What has been achieved in Molecular Dynamics and Acellera contribution.
Acellera celebrates its 10th anniversary. A decade focusing on molecular dynamics (MD) and dedicated to improve this technique as a strong partner of biophysical approaches. Objectively, molecular dynamics is the only technique allowing to study conformational changes and interaction at atomistic level, to quantify binding energies, binding kinetics for any kind of molecules since a force field has been defined for these. It represents an adequate combination with NMR, Crystallography, ITC, Surface plasmon resonance, Thermal shift that are already widely used in Drug Discovery.
What makes MD so interesting now?
In 10 years, we have seen how calculations done on cluster of CPU can now be done now on GPU cluster or in the Cloud. The first GPU offered already a large improvement on yield (ns/day) obtained. Where ns was the goal, nowadays it is a simple unit. In 2009, we ran microsecond, last year, 2 milliseconds (cumulated time) were obtained when performing a fragment screening (Ferruz et al, J. Chem. Inf. Model. 2015). If this rhythm is followed within the next 6 years, a second will probably be attained and maybe required for high index journal publication. Basically, we can simulate long process from side chain flip to domain motion and binding of fast Kon molecules for example.
The speed of GPU was undeniable in the achievement of long MD but they also generate higher amount of data to analyze. Where we needed Hard disk to store Gigabytes of data, we can count in terabyte…generated weekly. Storage is maybe the next challenge.

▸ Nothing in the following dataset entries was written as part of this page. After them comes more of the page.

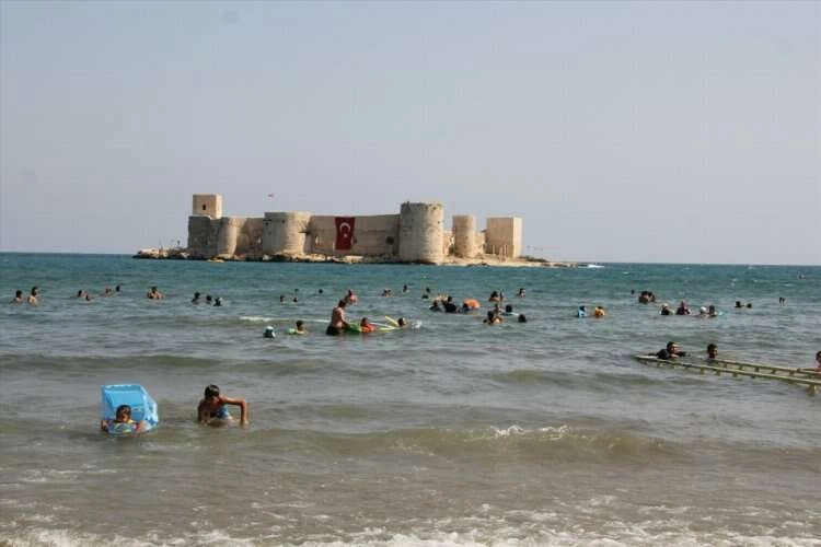 UNESCO Dünya Mirası Geçici Listesi'ndeki Korykos Antik Kenti'nin parçası olan kalenin sahiline gelenler, denizde yüzerek serinliyor.
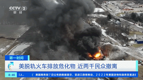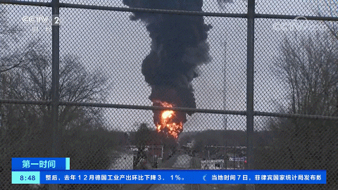 当地时间2月3日晚,一列运载有毒化学品的列车在美国俄亥俄州东部脱轨,引发大火。
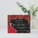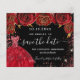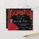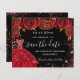 Eine gmädchenhafte und trendige Save the Date-Karte für eine Quinceañera, 15. Geburtstagsfeier. Schwarze rote Rosen, rote Imitate Glitzer Glitzern und rotes Kleid. Personalisieren und fügen Sie Datum und Name/Alter hinzu. Der Text: Save the Date ist mit einem großen angesagten, handgeschriebenen Stilskript geschrieben.
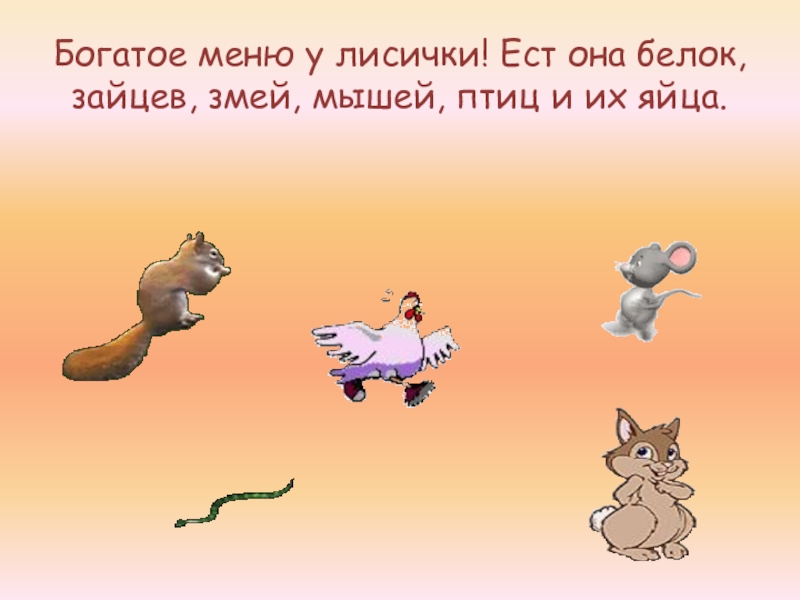 Слайд 7Богатое меню у лисички! Ест она белок, зайцев, змей, мышей, птиц
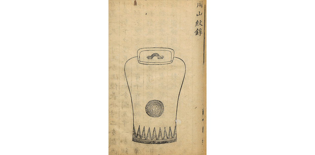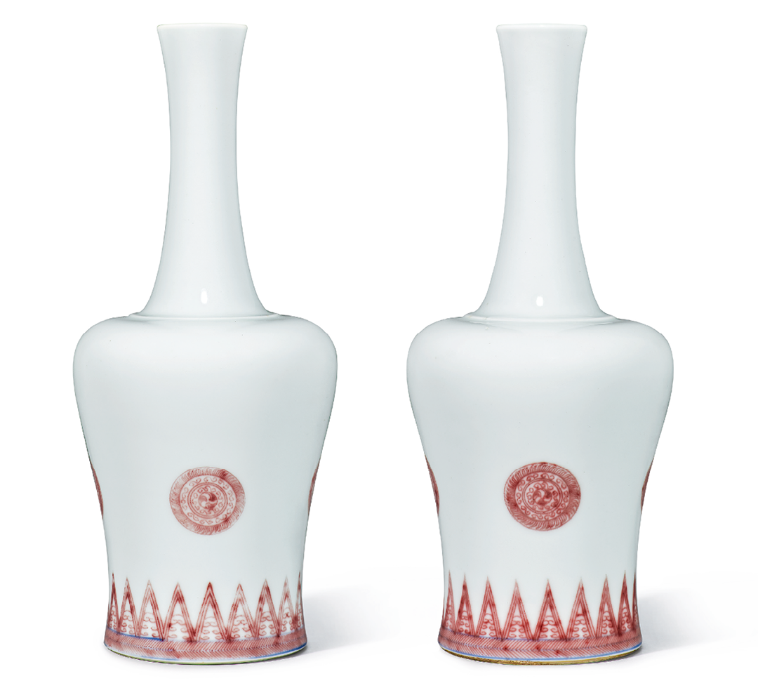 HKD 10,000,000-15,000,000清康熙·青花釉里红团花纹摇铃尊为清康熙一朝独有,此器腹部造型及纹饰取材商周青铜器 ,《宣和博古图》中刊录的「周山纹錞」,与之极为相似,应为其蓝本原型。撷取「錞」之式样作为腹部,釉里红描绘的漩涡状团花纹及胫部绘饰一周青花釉里红锯齿状纹样亦与「周山纹錞」上的纹饰如出一辙。其上设长颈,令整体造型形似摇铃,与蒙藏地区的白塔颇为相似,反映出皇帝对于藏传佛教之虔诚信仰。周山纹錞,《宣和博古图》卷二十六,页14
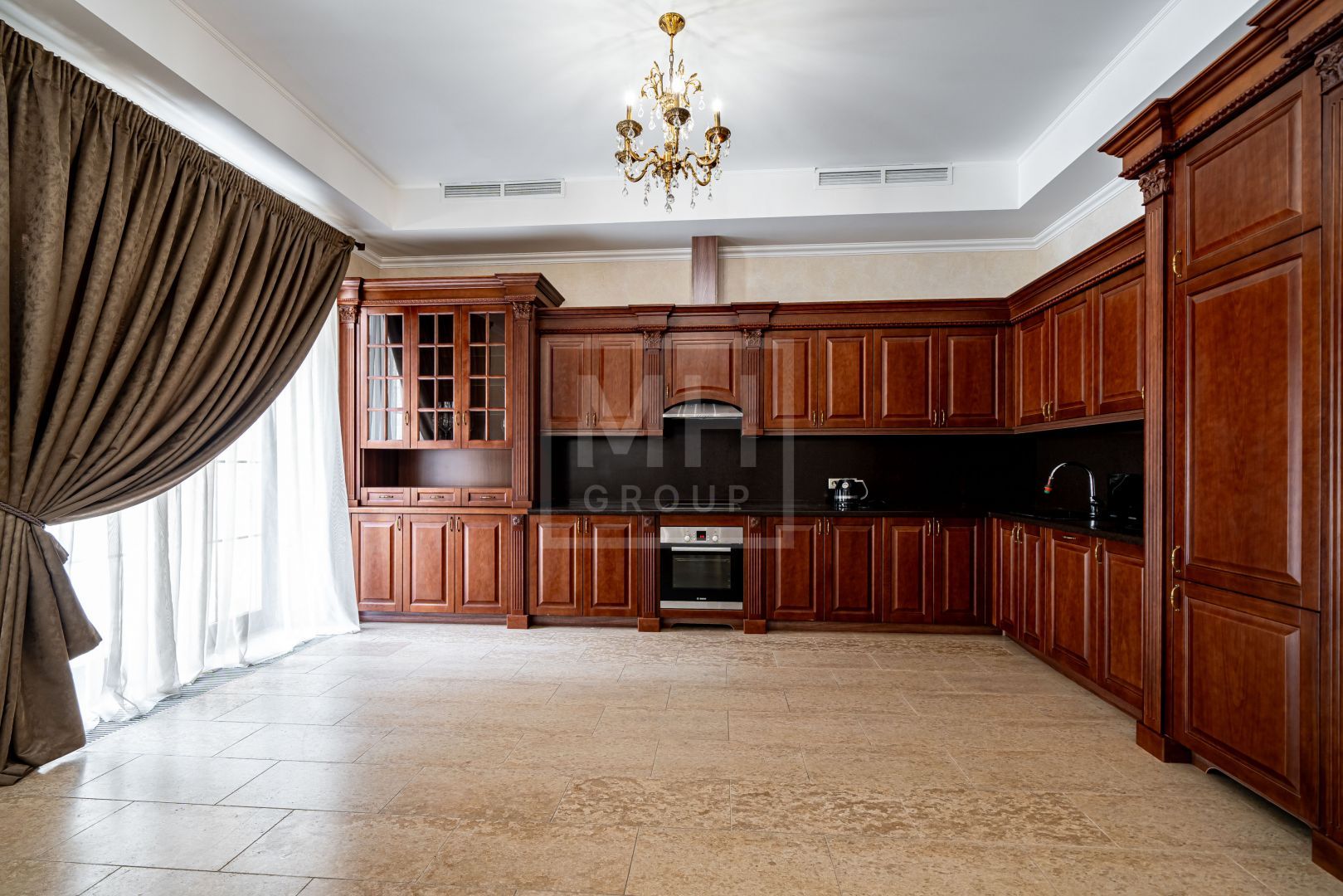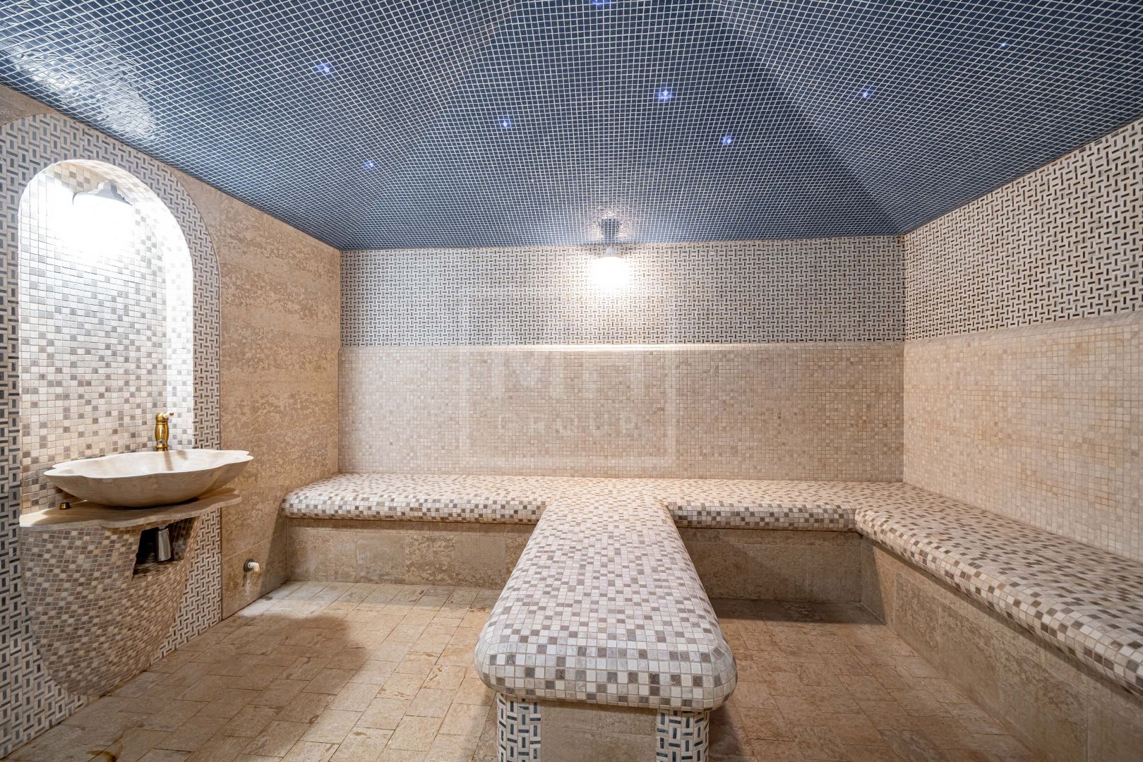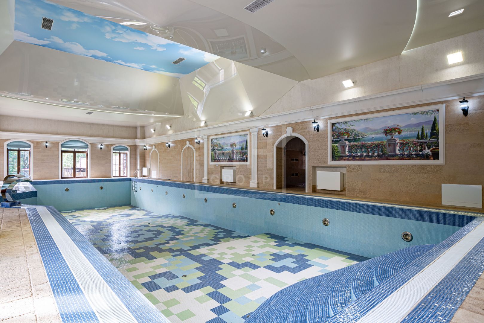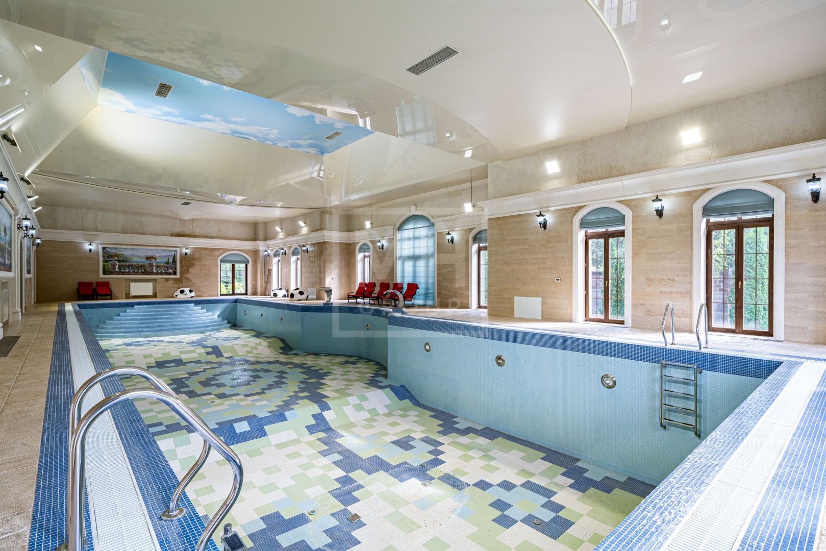 На просторном лесном участке с корабельными соснами располагается дом со SPA- комплексом и бассейном 25 метров.Дом построен из кирпича, в отделке использованы натуральные материалы, такие как травертин, дерево благородных пород, розовый мрамор, стены покрыты венецианской штукатуркой. Кухня оборудована бытовой техникой Bosch, Kuppersbusch, Miele, Liebherr.

So it is possible to simulate the binding of benzamidine to Trypsin from scratch (Buch et al, PNAS 2011), to perform fragment screening, to study conformational change of antibodies, to analyze multibody cofactor and substrate molecular recognition…This has been possible not only thanks to the GPU development but also thanks to a huge work that contributed to innovative approach to sample the conformational space and energy of the system (Doerr et al, J. Chem. Theory Comput. 2014) and to the correct analysis of the trajectories.
What can be expected now from MD in Drug Discovery?
As solvation/desolvation processes are critical parameters for interaction studies, all atoms simulations represent an adequate method. During the simulations, at each step, the forces on each atom are computed and the atomic position and velocity are updated according to Newton’s laws of motion. This means millions of calculations magnified by the number of atoms composing your system. A 25000 atoms system can be simulated at 500 ns/day. If we take 100 GPU, after 20 days we have a millisecond of calculation which may be enough for micro molar affinity ligand. When studying larger system, the time needed to sample the interaction increase and the throughput we can expect decreases.
A category of molecules enters this affinity range and offers advantage when calculating compound parameters: fragment. MD is well suited for fragment interaction and low to medium throughput screening. Brute throughput will depend on the resources assigned, but in a single analysis binding kinetics, energy and pathway can be determined. The accuracy of low energy pose description reaches crystallography resolution.
What can be improved?
Improvements are needed in the timescale MD can reach, in reproducing experimental binding and throughput, meaning the number of molecules we can test. At the end of the day, we want to explore the chemical space and we are still far from scratching its surface. So, Speed of calculations, sampling and analysis are the main parameters where we can still gain time and open the way to build and test molecules newly designed and not yet synthesized.
Blue Waters, Anton, MDGRAPE are synonyms of (impressive) fast calculations. A more affordable solution has been developed at Acellera: the workstation Metrocubo equipped with 4 GPU; it allows to simulate a 2 microsecond/day (based on DHFR benchmark).
Sampling approaches are also being optimized (metadynamics, replica exchange, umbrella sampling, accelerated MD). At Acellera, we use Adaptive Sampling with ACEMD. Finally, analysis protocols have been largely improved and is still an active field of development.
In the last 10 years, Acellera developed ACEMD, enhancing the execution of MD simulations. These can now be run on GPU (workstation like Metrocubo or cluster) or in the cloud. For this purpose, we developed AceCloud, a tool allowing to run calculations on AWS. Finally, on top of all, a new interface providing a unified environment for molecular discovery has been designed for both computational and medicinal chemistry groups: HTMD. This tool allows encoding best practices, hiding complexity, from start to end: PDB to free energy calculations, to solve biological problem.
Fragment screening, GPCR ligand binding, protein folding, nucleic acids complex interaction are only few of the topics studied successfully by high throughput molecular dynamics and we hope its use will be generalized within the next decade.